One of nine children, Moy was born on September 15, 1938 in Detroit, Michigan. Interested in classical music and jazz from an early age, she took singing lessons while at high school and landed a job performing at Detroit’s Caucus Club. During this engagement, she was discovered by Motown stars Marvin Gaye and Mickey Stevenson and duly established herself as one of the legendary label’s first female songwriters and producers.
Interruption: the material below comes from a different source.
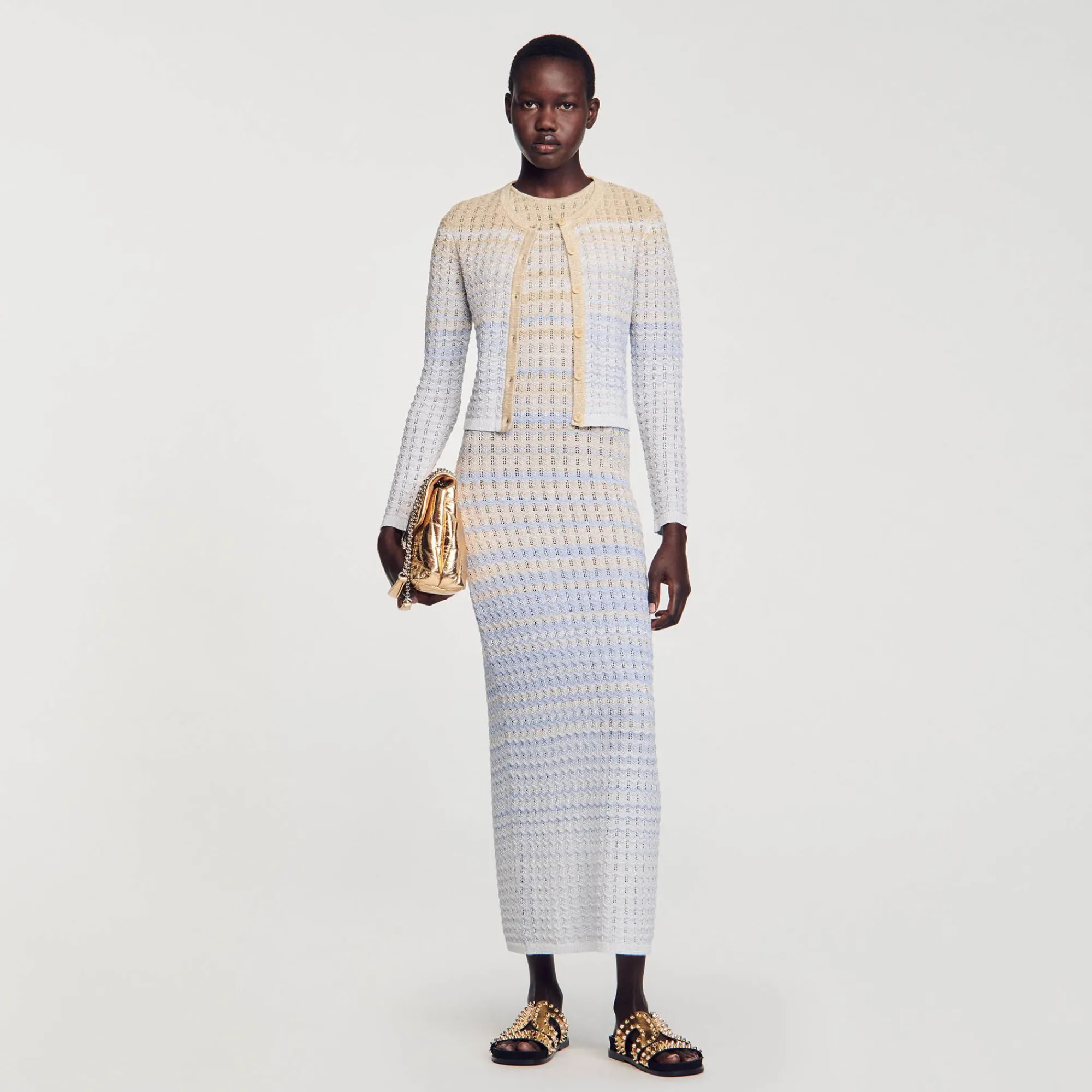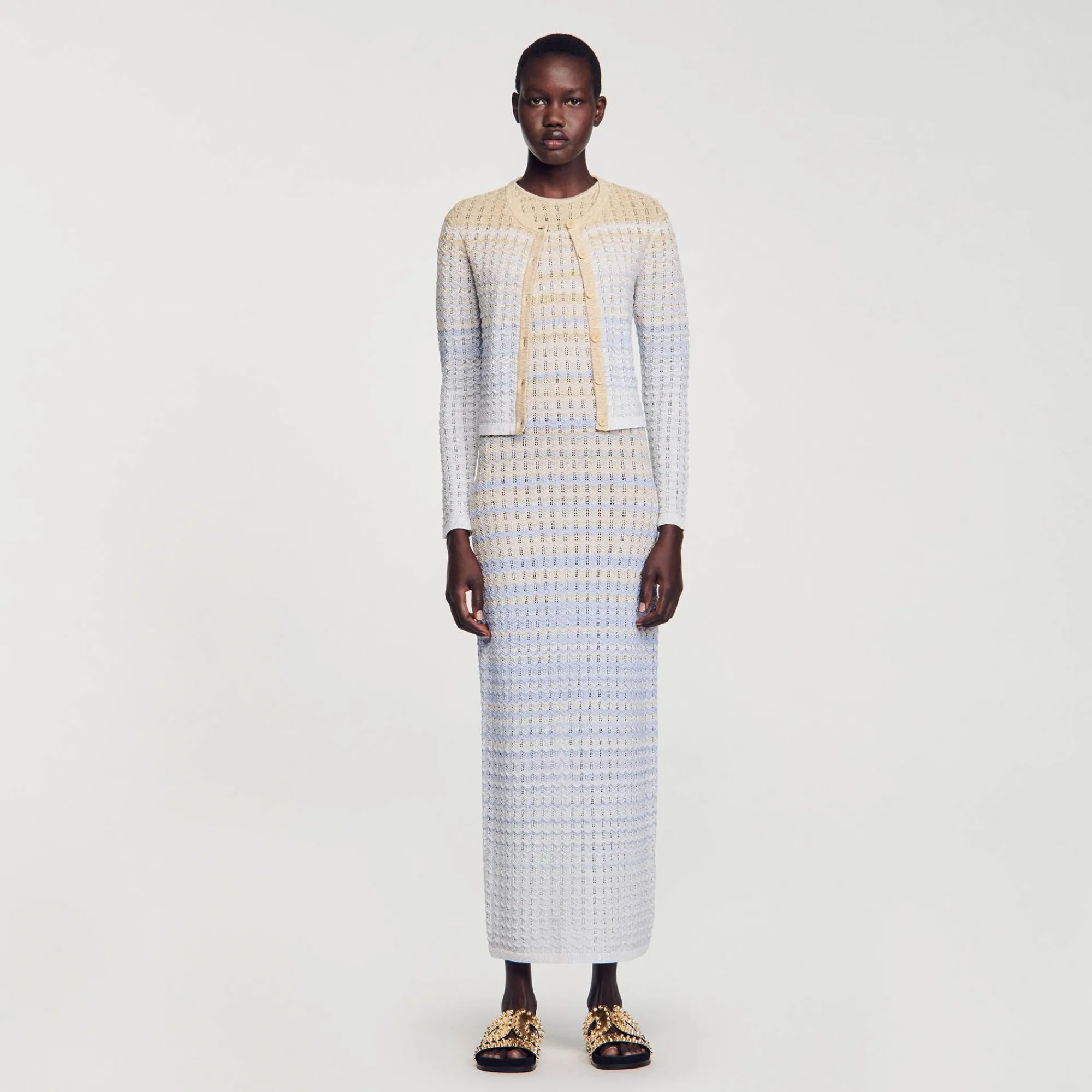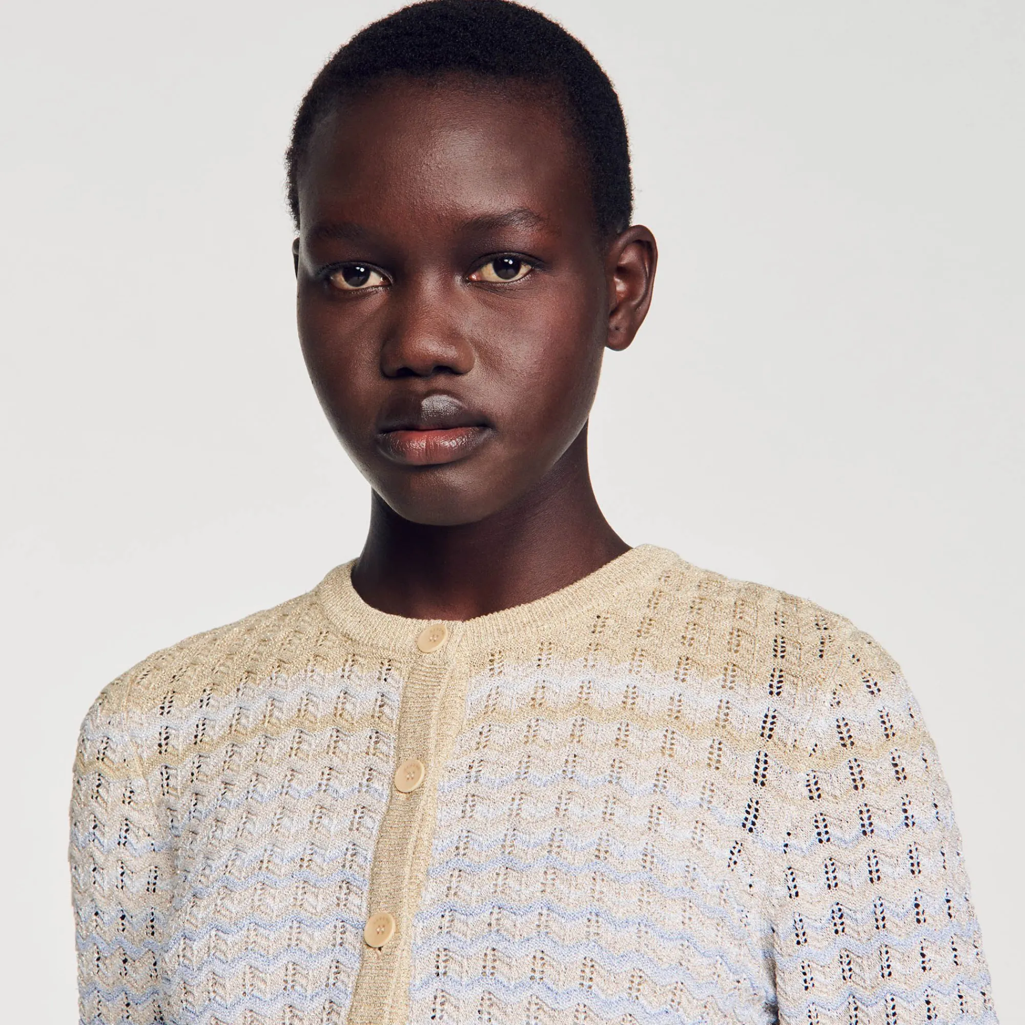 Cardigã Em Malha Pointelle Degradê Com Motivos Em Zigue-Zague, Manga Comprida, Gola Redonda E Fecho De Botão.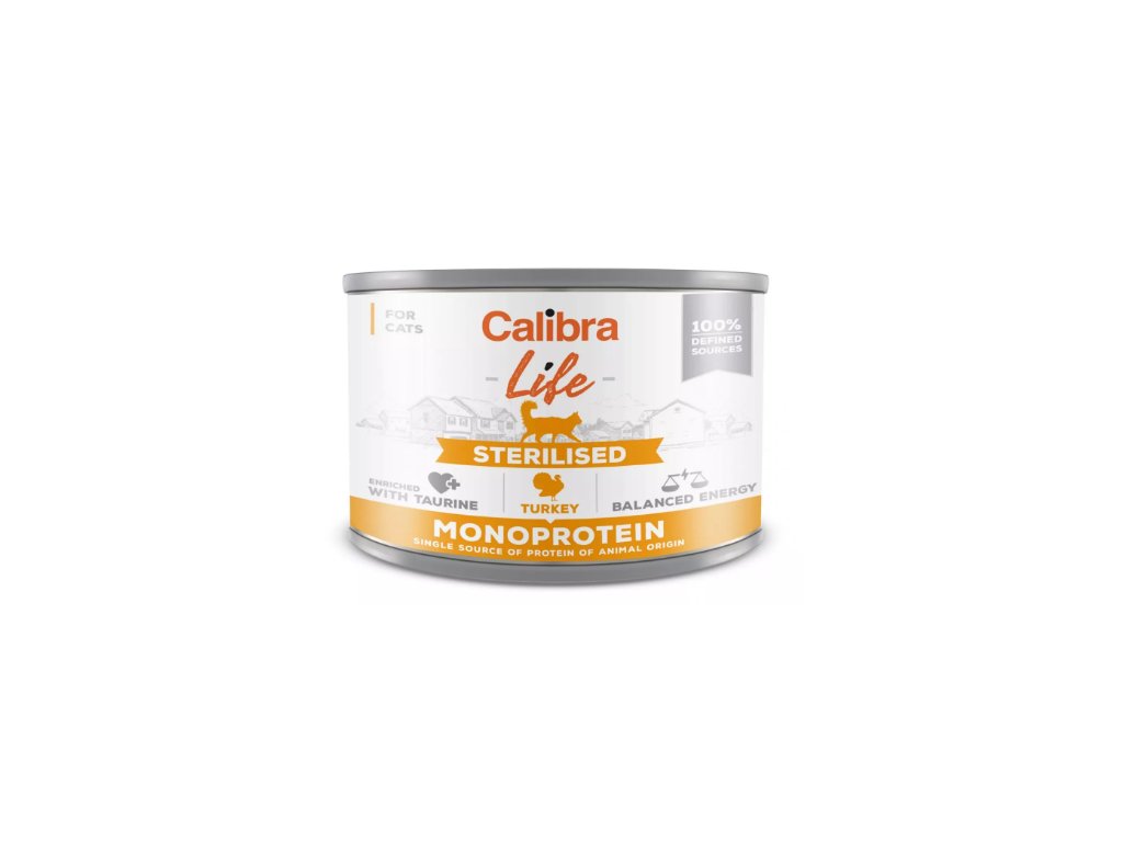 Calibra Cat Life Sterilised Turkey – receptura konzervy s krůtím, která je určena pro dospělé kočky, vhodná pro kočky po kastraci.

Moy played a key part in shaping Motown’s pioneering legacy. In collaboration with Stevie Wonder and fellow co-writer Henry Cosby, she wrote Wonder’s U.S. No. 3 hit “Uptight (Everything’s Alright)” in 1965. The trio later penned Wonder’s Billboard Hot 100 hits “My Cherie Amour” and “I Was Made To Love Her”. In addition to Wonder’s hits, Moy’s Motown credits include The Isley Brothers’ “This Old Heart Of Mine” and Marvin Gaye and Kim Weston’s “It Takes Two”. A six-time Grammy Award nominee, Moy was inducted into the Songwriters Hall Of Fame in 2006. Wonder made a surprise appearance at the ceremony to thank her.
“How do you stop loving the ones you loved for a lifetime – you don’t!” Stevie Wonder wrote in a tribute to the late songwriter penned for Rolling Stone. “Sylvia Moy has made it possible to enrich my world of songs with some of the greatest lyrics. But, not only that, she, through our participation and our co-writing those songs, helped me become a far better writer of lyrics.”